Zero Crossings in Audio

Chris Tralie

In [1]:
import librosa
import numpy as np
import matplotlib.pyplot as plt
import IPython.display as ipd

In most natural audio that we record, there are a range of frequencies that occur at different times. One simple way to estimate instantaneous frequency is to count the number of zero crossings over an interval. Let's say we have the following "linear chirp" (named as such since the perceived frequency, the derivative of the inside of the cosine, increases linearly)

In [2]:
sr = 8000
t = np.arange(sr*2)/sr
y = np.cos(2*np.pi*220*t**2)
ipd.Audio(y, rate=sr)
Out[2]:

If we zoom in on a small chunk of audio in the first half, we see that it crosses the x-axis 6 times

In [3]:
plt.plot(t[4000:4100], y[4000:4100])
plt.plot(t[4000:4100], 0*y[4000:4100])
Out[3]:
[<matplotlib.lines.Line2D at 0x7f0c2d7af950>]

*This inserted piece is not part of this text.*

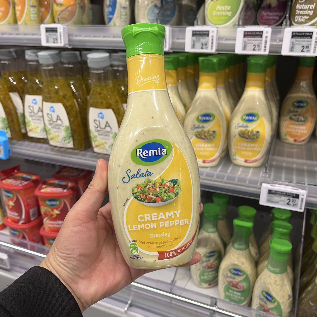 Remia Salata Cream Lemon Pepper - это сливочный соус, содержащий лимон и черный перец.
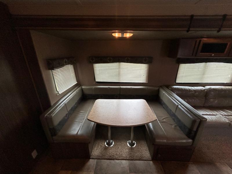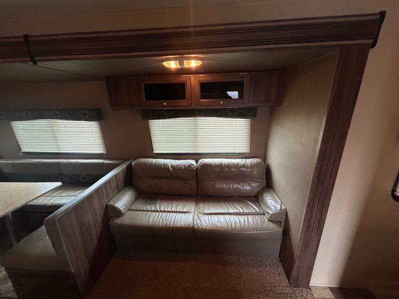 The slide out sofa and u-shaped dinette offer much seating in the living area. The sofa features storage above, and both can be made into sleeping space at night easily.

If we zoom in later on a chunk of audio that's the same length, we see that there are 16 zero crossings, indicating that the frequency has gone up

In [4]:
plt.plot(t[12000:12100], y[12000:12100])
plt.plot(t[12000:12100], 0*y[12000:12100])
Out[4]:
[<matplotlib.lines.Line2D at 0x7f0c2cdaac90>]

If we zoom in even later, we see even more zero crossings

In [5]:
plt.plot(t[15000:15100], y[15000:15100])
plt.plot(t[15000:15100], 0*y[15000:15100])
Out[5]:
[<matplotlib.lines.Line2D at 0x7f0c2cc9f8d0>]

Exercise 1

Come up with some code to create a new array that counts the number of zero crossings in an interval around each sample in audio. For example, in the above picture, we looked at windows with 100 samples in them. As an added challenge, you should do this without using any loops! As a hint for this, recall the following feature from the fundamental theorem of calculus:

$ \int_{a}^b f(t) dt = \int_{0}^b f(t) dt - \int_{0}^a f(t) dt $

A similar statement exists for sums of arrays, which is aking to an integral in the discrete world. That is, the sum of elements in an array from index i to index j is the difference between sum of the elements from 0 to j and the sum of the elements from 0 to i. To do this for every sample, you can use cumulative sums with the np.cumsum method, as you did in the last module.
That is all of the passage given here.